Cut lock-screen notifications out of your life


    If you’re moderately tech savvy you can easily get around advertising. On the web you can install an ad blocker to your browser, and television is so much cleaner on ad-free Netflix.

    Over the christmas holidays, bored, and playing around with my phone’s settings I went through and killed lock screen notifications in basically every app except for Whatsapp, and my life is so much better for it. Lock-screen notifications are this generation’s new type of ad that disguises itself as as a service, but like any advertisement it’s designed to distract you to from whatever it was you were trying to do.
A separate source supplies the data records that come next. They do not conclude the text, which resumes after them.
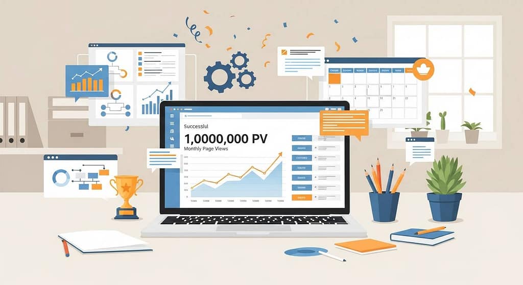 皆さん、こんにちは。インターネットメディア業界において、月間100万PVという大台を達成することは、多くのブロガーやメディア運営者にとって憧れの目標ではないでしょうか。特に近年では、AIツールの発展により、プログラミングの知識がなくても高品質な... -
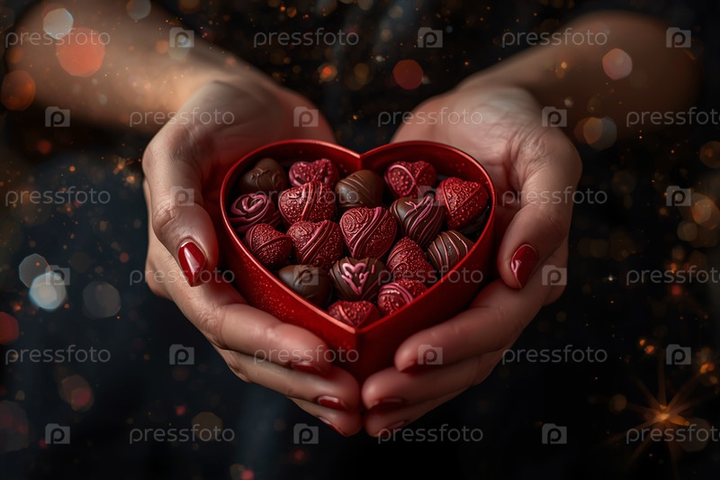 Концепция Дня святого Валентина. Руки женщины с подарком в форме сердца с шоколадными конфетами на День святого Валентина
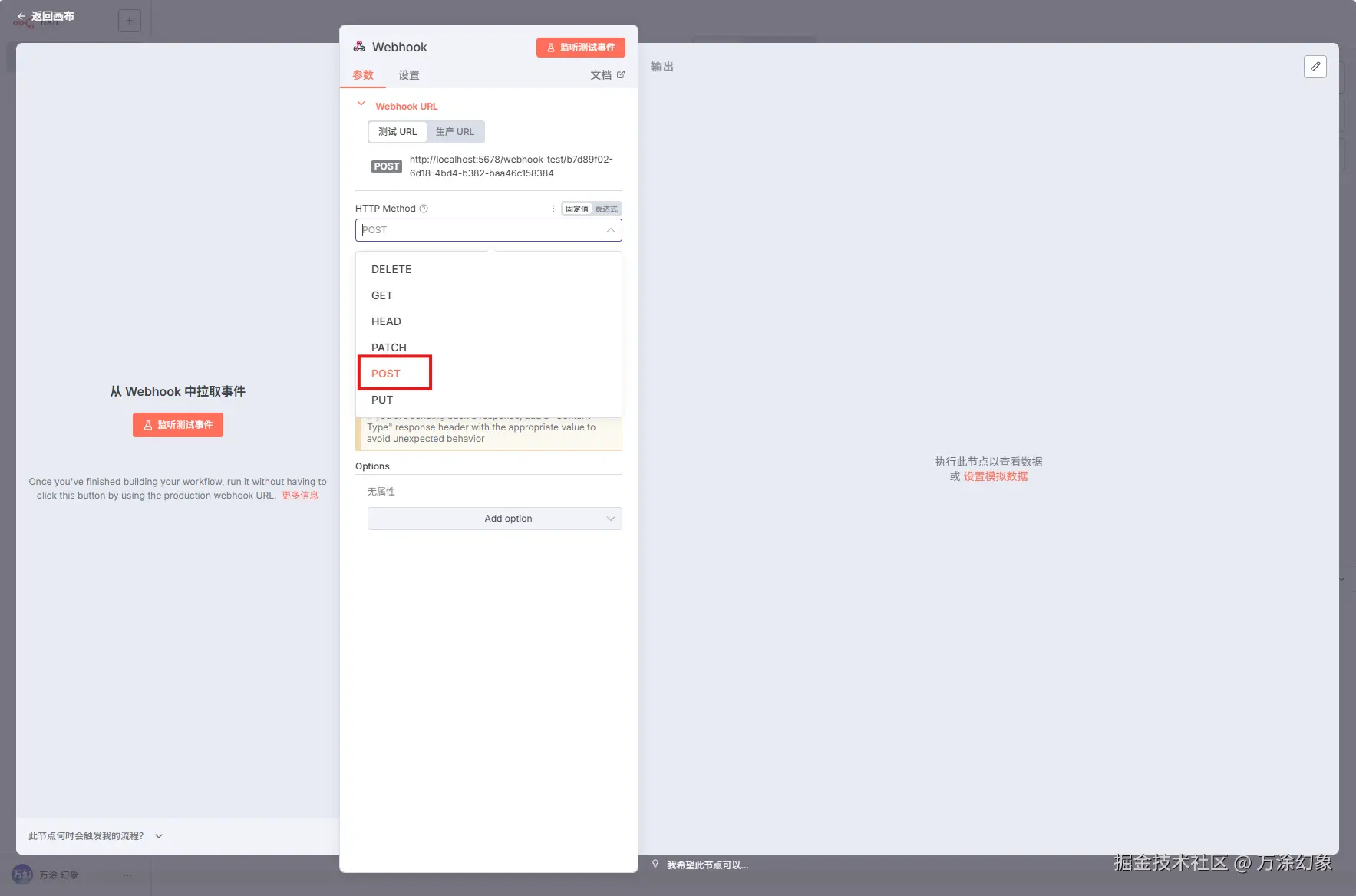 POST请求,把刚才复制的 n8n 的Test URL粘贴进去。
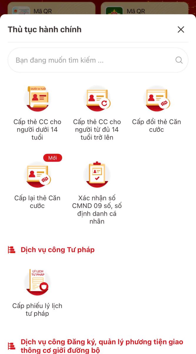 Bước 1: Từ giao diện chính của ứng dụng VNeID, chọn "Thủ tục hành chính", sau đó tìm đến mục "Cấp, quản lý căn cước" và nhấn vào một trong những chức năng cần thực hiện.
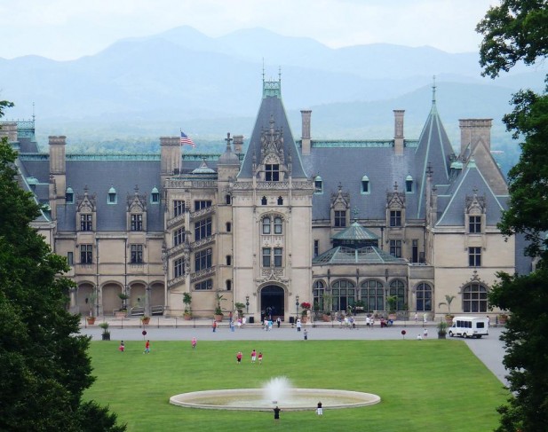 Sneaking away to do some hardcore hiking on Mt. Mitchell and some equally serious relaxing at the winery on the Biltmore Estate. I love little mountain towns like Asheville, North Carolina, that know how to serve up just the right mix of outdoors and creature comforts. Here’s a photo of America’s largest home, with the Great Smoky Mountains as a backdrop:
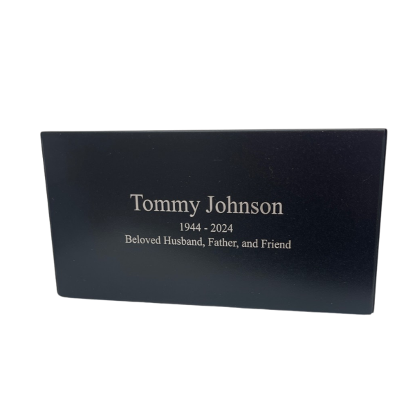 Engraving options are available to add a personalized name, date, or short message. Crafted to standard adult cremation capacity.

    I was reminded of this today by this great The Onion headline: New Facebook Notifications Alert Users When They Not Currently Looking At Facebook

    Take a look at your phone right now – you’ve probably got a notification from Facebook that your mom updated her status (thank goodness you made her one of your “close friends”), Shazam is letting you know about the most popular single in the UK, your newsreader is alerting you to some ‘breaking’ headline, and that free-to-play game you downloaded is dying to let you know your energy levels are full.

    I don’t really have anything against Facebook or free games or the news, but if they have any updates they can let me know when I’m looking at their icons on the home screen. When a clickbaity “popular status” Facebook notification turns into red number on the Facebook app icon, you see it rightfully as something not worth your time. Turning them off, or not allowing them in the first place takes two seconds and saves you from the rabbit hole of looking at your phone to do one task, but ending up doing another.

    Gaming your lock screen
    When talking about the rise of free-to-play gaming it’s easy to talk about how the competitive app store pushed prices down to zero, or how in-app purchases provide the financial mechanism to support F2P games. But could you imagine the industry really taking off if they weren’t able to buzz your pocket every 20 minutes to let you know your base was attacked, or that you’ve finally gotten enough fake energy to play Candy Crush again?

    Personally I’m tired of these notifications, but only because they’re effective. Entrepreneurs looking to build traction for their apps would do well to study how the best are playing the notification game. They’re similar to writing headlines for articles – without the right punch to them, no one will open them.